Question

As an aid in working this problem, consult Interactive Solution 3.41. A soccer player kicks the ball toward a goal that is 25.0 m in front of him. The ball leaves his foot at a speed of 16.2 m/s and an angle of 38.0 ° above the ground.
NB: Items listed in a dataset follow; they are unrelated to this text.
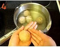 锅里加入适量水,当水温微热不烫手的时候,取适量肉馅在手中左右摔打、团成较大的肉球,然后将团好的肉球放入温水里小火加热,使之慢慢成型、变色后捞出;
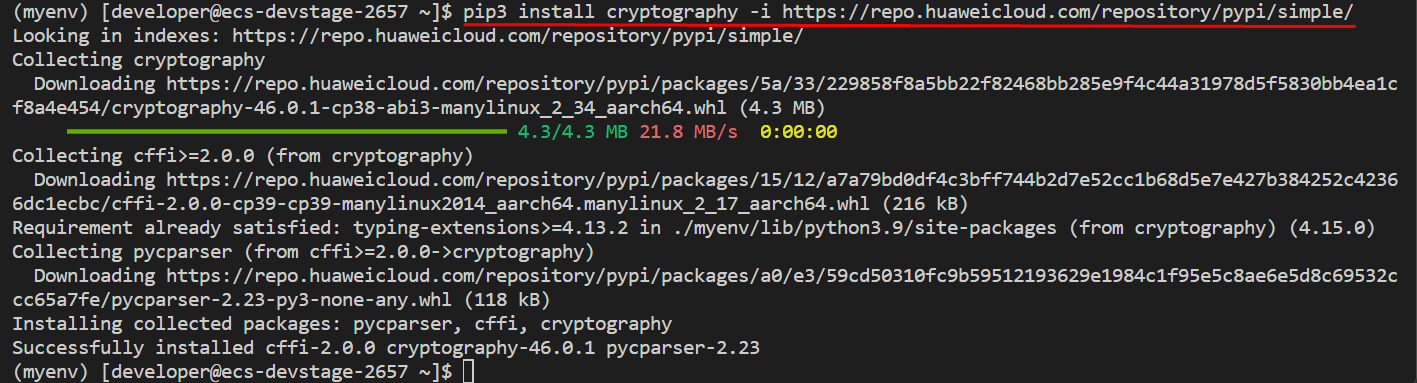 pip3 install cryptography -i https://repo.huaweicloud.com/repository/pypi/simple/
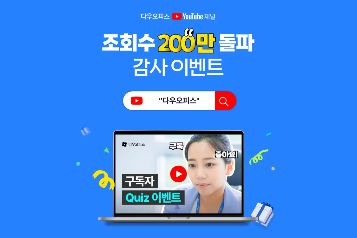 (종료) 다우오피스 유튜브 조회수 200만 돌파 감사 이벤트🎁
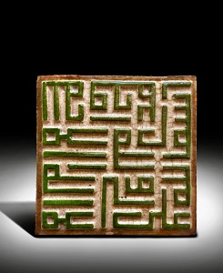 DESCRIPTION: | The inscription comprises geometric calligraphic in square Kufic. The tile is inscribed with the names of Allah, the Prophet Muhammad, and his son-in-law and successor Ali in square “Kufic script”.The earliest extant example of square kufic to survive is on a minaret erected in Ghazna by the Ghanznavid ruler Mas’ud III (R.AD 1098-1115) Most inscriptions of this type contain sacred names or short pious phrases of a general nature tile inscriptions in square kufic were especially popular in Persia during the 13th and 14th Centuries because of its similarity to Phagspa introduced in AD 1269 by the Yuan ruler. Particularly on insignia and seals,these seals were distributed to the Ilkhanids.Narratives:Blair Islamic Inscriptions, Edinburgh, 1998, PP. 82-88. |
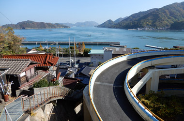 豊島にある公園で何やら催し物が行なわれていて賑わっていた。いつもよりも明らかに車の交通量が多いとサイクリングスタート時から思っていたが、どうやらそれが原因のよう。騒がしい場所は避けたいので人だかりを横目に公園を素通りし、コースから一歩外れた所にある小さなループ橋に寄り道。こういうちょっとした隠れスポット的な場所が好きだ。 |
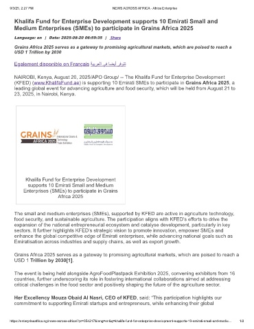 (KFED) (www.KhalifaFund.ae) is supporting 10 Emirati SMEs to participate in Grains Africa 2025, a
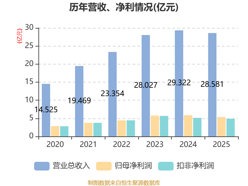 中证智能财讯航材股份(688563)4月1日披露2025年年度报告。2025年,公司实现营业总收入28.58亿元,同比下降2.53%;归母净利润5.36亿元,同比下降8.75%;扣非净利润4.89亿元,同比下降4.82%;经营活动产生的现金流量净额为4.75亿元,同比增长295.81%;报告期内,航材股份基本每股收益为1.19元,加权平均净资产收益率为4.99%。公司2025年度分配预案为:拟向全体股东每10股派现2.1528元(含税)。

Find the speed of the ball when the goalie catches it in front of the net.

Answer 1

Answer:

15.77m/s

Explanation:

the information we have is:

initial velocity $v_{0}=16.2m/s$

distance: $d=25m$

angle: $\theta=38$°

first we need to break down the velocity into its x and y components:

initial velocity in x (the velocity in x is constant):

$v_{0x}=v_{0}cos\theta\\v_{0x}=(16.2m/s)cos38\\v_{0x}=12.766m/s$

and initial velocity in y (the velocity in y is not constant due to acceleration of gravity):

$v_{0y}=v_{0}sin\theta\\v_{0y}=(16.2m/s)sin38\\v_{0y}=9.97m/s$

and now we find the time that the ball was in the air:

$t=\frac{d}{v_{0x}} =\frac{25m}{12.766m/s}\\ t=1.96s$

and with this time, we find the y component of the volicity at time 1.96s:

$v_{y}=v_{0y}-gt\\v_{y}=(9.97m/s)-(9.81m/s^2)(1.96s)\\v_{y}=-9.26m/s$(negative because it points downward)

finally, to find the final velocity we use pythagoras:

$v_{f}=\sqrt{v_{x}^2+v_{y}^2} =\sqrt{12.766^2+(-9.26)^2}=15.77m/s$